Dans le transport sanitaire, le solde de tout compte se joue sur une variable que le décompte doit trancher d’entrée : la manière dont se mesure le temps de travail de l’ambulancier. Contrairement à un salarié ordinaire compté heure pour heure, l’ambulancier roulant voit son temps de travail effectif calculé à partir de son amplitude, la durée qui sépare la prise de service de sa fin, diminuée des pauses et coupures (accord du 16 juin 2016, en vigueur depuis le 1er août 2018). Cette durée de service commande le salaire de référence, et le salaire de référence commande le solde. Établir un solde juste commence donc par lire correctement les feuilles de route.
Pour le reste, l’ambulancier est un ouvrier au sens de la convention collective des transports routiers : il relève de son annexe I, avec le barème d’indemnité de licenciement, le préavis et la garantie de ressources en cas de maladie qui s’y attachent, communs à toute la branche.

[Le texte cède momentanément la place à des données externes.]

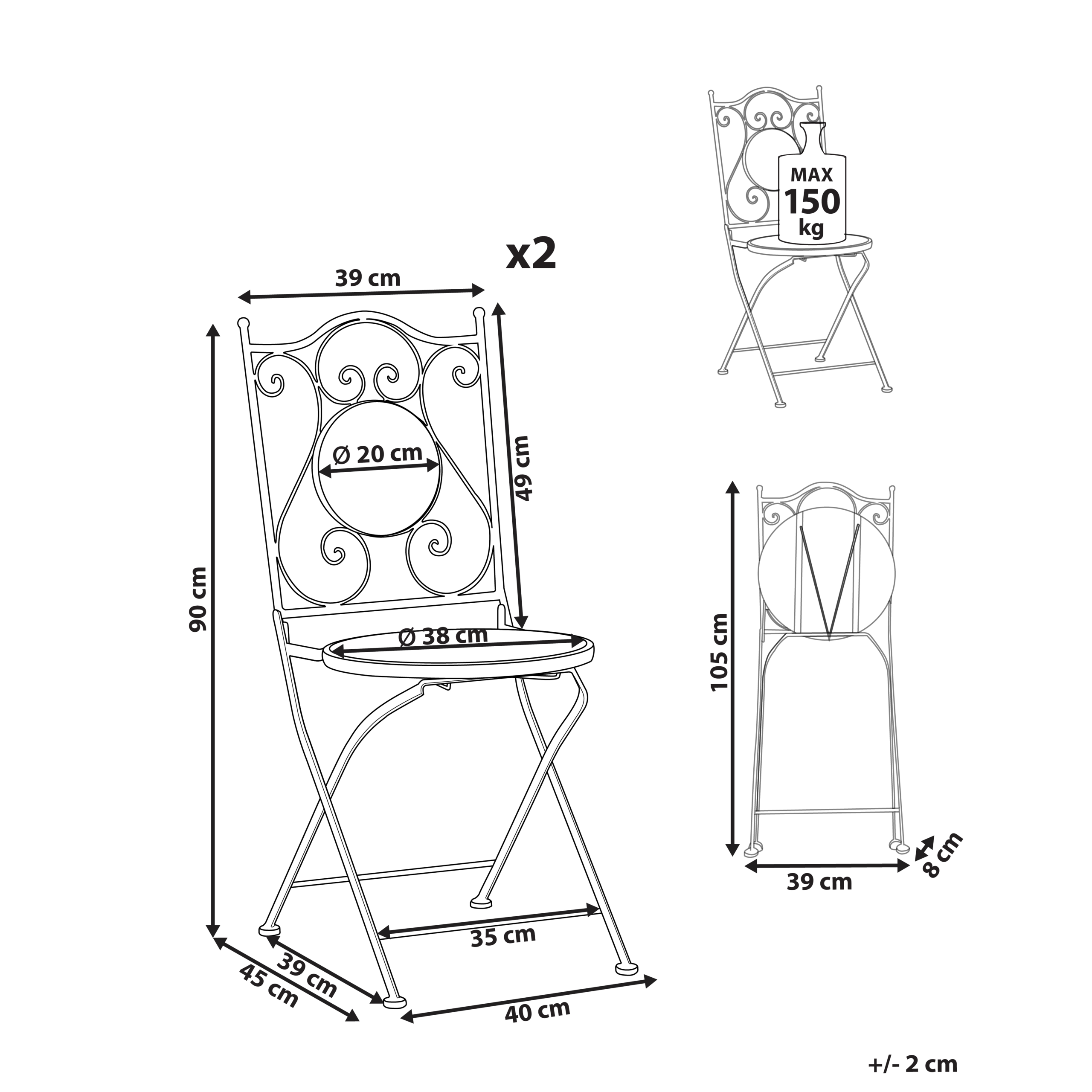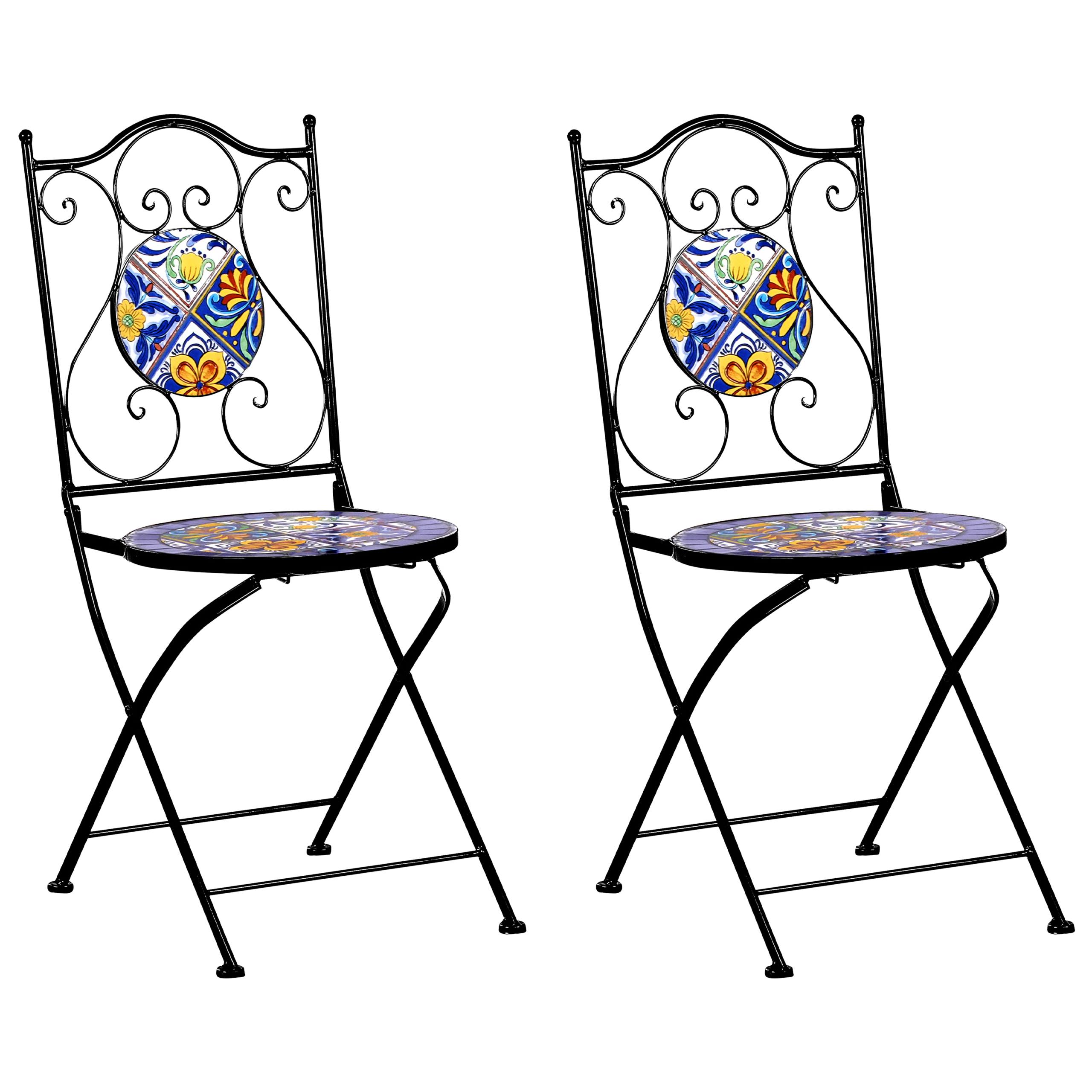 Vintage-tyylinen puutarhatuolisetti mosaiikkikuviolla. Lisää puutarhaasi, parvekkeellesi tai terassillesi väriä ja eleganssia tällä näyttävällä kahden kokoontaitettavan puutarhatuolin setillä. Tukevasta raudasta valmistetuissa rungoissa on e-pinnoite – sähkökemiallinen pintakäsittely, joka suojaa ruosteelta ja korroosiolta. Tämän ansiosta ne kestävät vaihtelevia sääolosuhteita ja säilyttävät viehättävän ulkonäkönsä ajan myötä. Eloisalla mosaiikkikuviolla koristellut keraamiset selkänojat ja istuimet tuovat koristeellista tunnelmaa. Kestävät ja vähän huoltoa vaativat tuolit ovat tyylikkäät ja käytännölliset jokaiseen ulkotilaan, tarjoten täydellisen paikan aamuauringon tai auringonlaskun nauttimiseen.
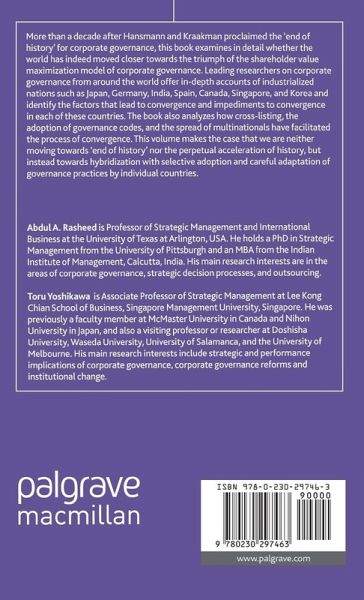 List of Tables List of Figures Notes on Contributors Convergence of Corporate Governance: Promise and Prospects; A.A.Rasheed T.Yoshikawa Reflections on the End of History for Corporate Law; H.Hansmann & R.Kraakman Does Convergence in Regulation Lead to Convergence in Practice? The Case of Dissident Proxy Contests in Canada; K.A.Bates & D.A.Hennessy Corporate Governance in Germany: Converging Towards Shareholder Value-Orientation or Not So Much?; A.Tuschke & M.Luber Corporate Governance in India: Progress, Problems, and Prospects; N.Rajagopalan & Y.Zhang Corporate Governance Convergence in Japan; C.L.Ahmadjian Transformation of Corporate Governance in Korea; H.Kim & Ji-H.Lee Converging Divergence in Corporate Governance in Singapore; L.S.Tsui-Auch A Decade of Corporate Governance Reforms in Spain (2000-2010); R.Garcia-Castro & R.V.Aguilera Globalization and Corporate Governance Convergence: The Multinational Corporations as a Neglected Agent of Convergence; K.Sikavica & T.Yoshikawa Are Codes Fostering Convergence in Corporate Governance? An Institutional Perspective; I.Haxhi & R.V.Aguilera Why Do Chinese Firms Cross-list in the United States?; M.W.Peng & D.P.Blevins

La signature du reçu, elle, obéit au droit commun : passé six mois, elle libère l’employeur pour les sommes qui y figurent (article L1234-20), un poste juste est alors acquis, un poste oublié rouvre la discussion pendant trois ans.
Ce qui change avec le transport sanitaire
- Un temps de travail décompté à l’amplitude, non heure pour heure (accord du 16 juin 2016) : c’est la spécificité qui fixe l’assiette de tout le solde.
- Une feuille de route hebdomadaire obligatoire comme seul mode de décompte de la durée de service (article R3312-33 du Code des transports), la Cour de cassation ayant annulé la clause qui autorisait d’autres modalités (Cass. soc., 23 sept. 2020, n° 18-23.474).
- Une classification propre en trois niveaux d’ambulancier (accord du 28 mars 2022), aux taux garantis fixés par l’avenant n° 8 du 6 mai 2025.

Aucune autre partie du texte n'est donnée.